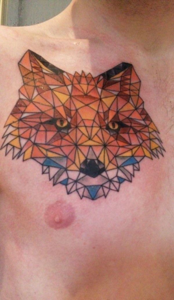 男子右胸部上个性的几何三角形狐狸纹身图片
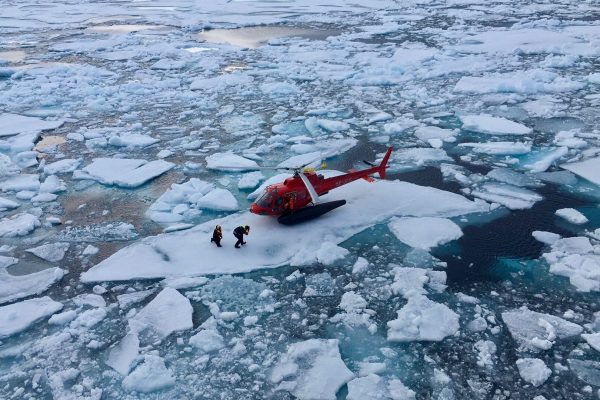 Embarcação encontrou a boia com o dispositivo da pesquisa que acompanhava o som destes mamíferos congelada em um bloco de gelo. Helicóptero do navio sueco Oden…
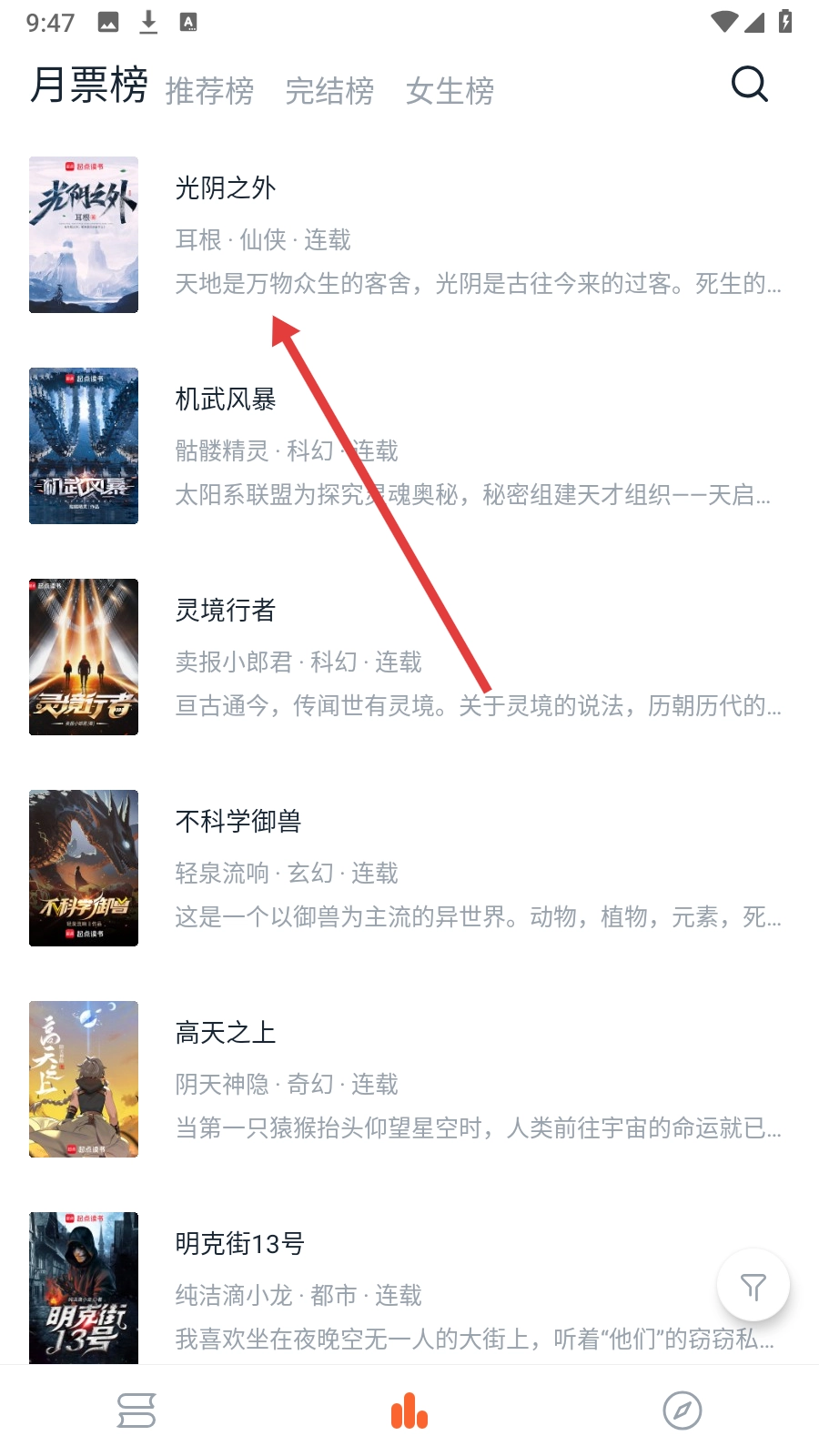 1、书架页点击底部【榜单】图标,进入书籍榜单界面。

──────────

Directions for this task: Return all the material exactly, skipping pictures.

Answer to this exercise:
 男子右胸部上个性的几何三角形狐狸纹身图片
 Embarcação encontrou a boia com o dispositivo da pesquisa que acompanhava o som destes mamíferos congelada em um bloco de gelo. Helicóptero do navio sueco Oden…
 1、书架页点击底部【榜单】图标,进入书籍榜单界面。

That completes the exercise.